#### [Study material]
====

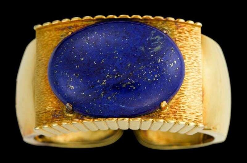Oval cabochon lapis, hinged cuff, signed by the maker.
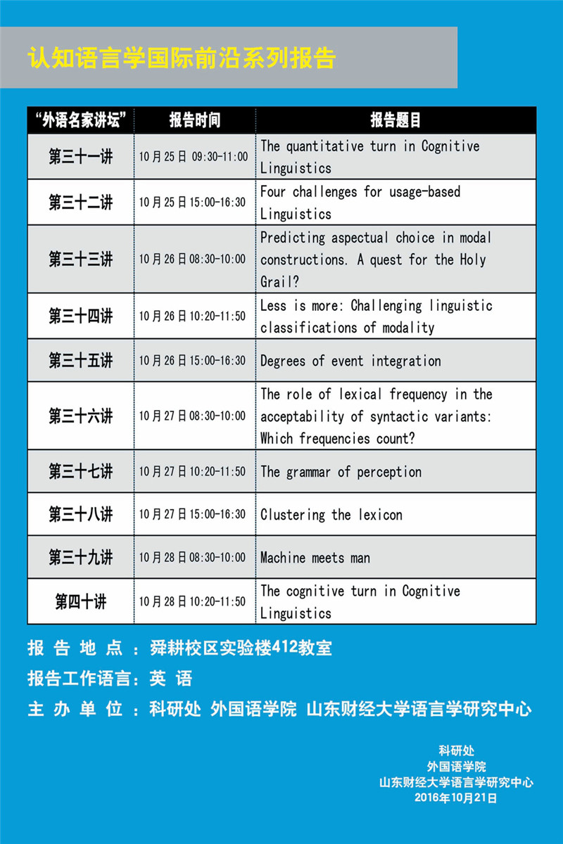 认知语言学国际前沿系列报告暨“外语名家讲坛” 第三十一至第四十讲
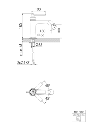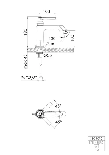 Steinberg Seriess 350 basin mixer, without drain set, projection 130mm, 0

====

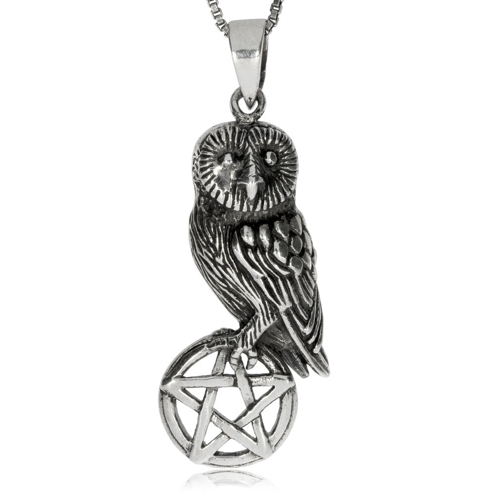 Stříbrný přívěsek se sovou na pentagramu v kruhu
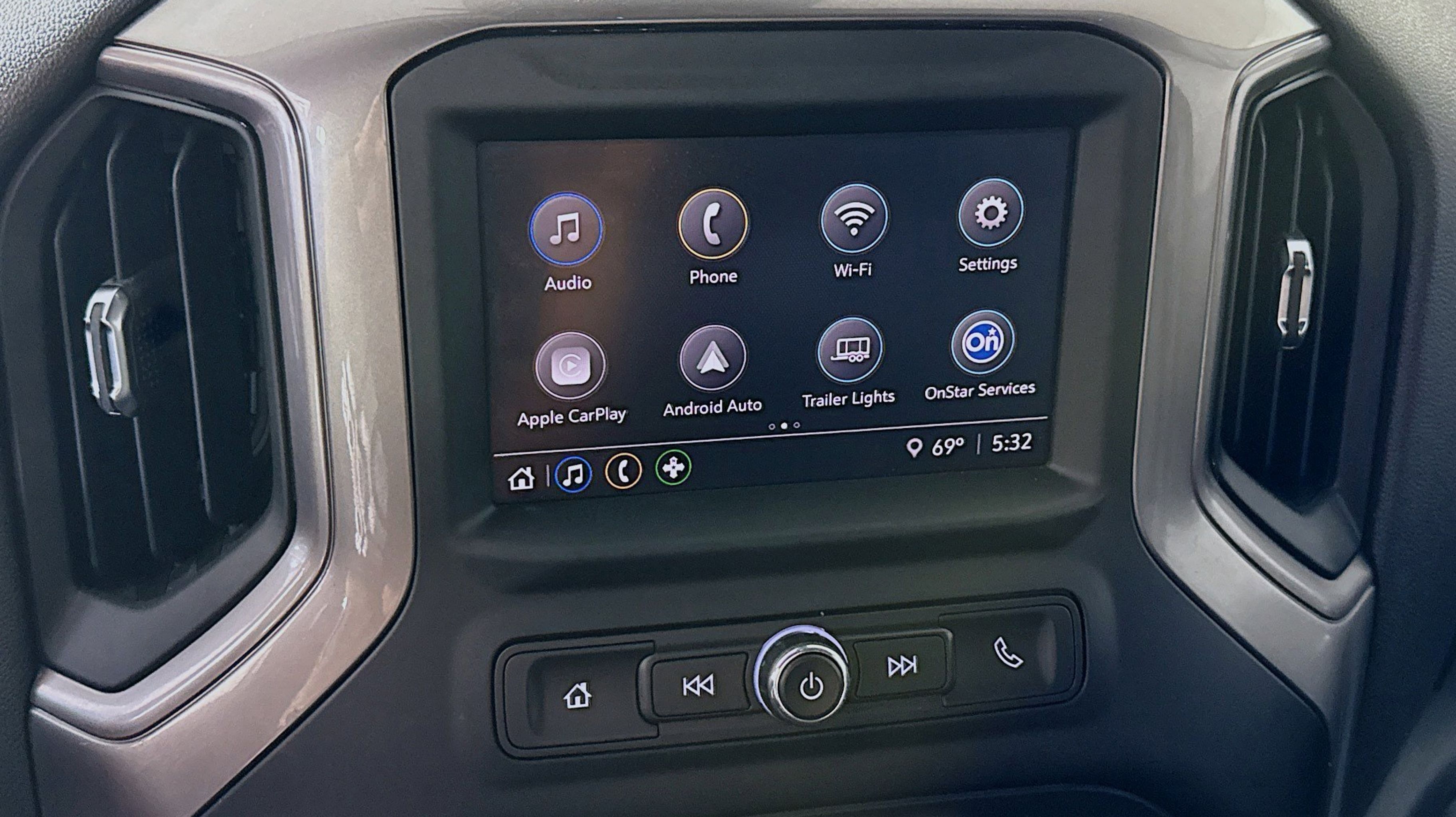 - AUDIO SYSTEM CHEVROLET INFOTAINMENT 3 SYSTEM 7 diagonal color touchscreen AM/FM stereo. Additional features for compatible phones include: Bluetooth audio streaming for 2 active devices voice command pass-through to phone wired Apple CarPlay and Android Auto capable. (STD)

====

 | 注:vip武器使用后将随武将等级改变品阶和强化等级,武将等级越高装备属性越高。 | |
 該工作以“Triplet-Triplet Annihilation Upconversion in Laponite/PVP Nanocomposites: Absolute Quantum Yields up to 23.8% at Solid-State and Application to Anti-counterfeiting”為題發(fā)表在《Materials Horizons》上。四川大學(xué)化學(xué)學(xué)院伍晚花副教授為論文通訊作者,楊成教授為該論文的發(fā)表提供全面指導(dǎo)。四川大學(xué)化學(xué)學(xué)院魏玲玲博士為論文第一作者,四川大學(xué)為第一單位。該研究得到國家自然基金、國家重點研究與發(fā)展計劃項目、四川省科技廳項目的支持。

====

#### [Task statement]
In the entries above, one line contains "注:vip武器使用后将随武将等级改变品阶和强化等级,武将等级越高装备属性越高。 | |" and another contains "Annihilation Upconversion in". Reproduce exactly those two lines and the lines between them, nothing else.

#### [Result of this exercise]
 | 注:vip武器使用后将随武将等级改变品阶和强化等级,武将等级越高装备属性越高。 | |
 該工作以“Triplet-Triplet Annihilation Upconversion in Laponite/PVP Nanocomposites: Absolute Quantum Yields up to 23.8% at Solid-State and Application to Anti-counterfeiting”為題發(fā)表在《Materials Horizons》上。四川大學(xué)化學(xué)學(xué)院伍晚花副教授為論文通訊作者,楊成教授為該論文的發(fā)表提供全面指導(dǎo)。四川大學(xué)化學(xué)學(xué)院魏玲玲博士為論文第一作者,四川大學(xué)為第一單位。該研究得到國家自然基金、國家重點研究與發(fā)展計劃項目、四川省科技廳項目的支持。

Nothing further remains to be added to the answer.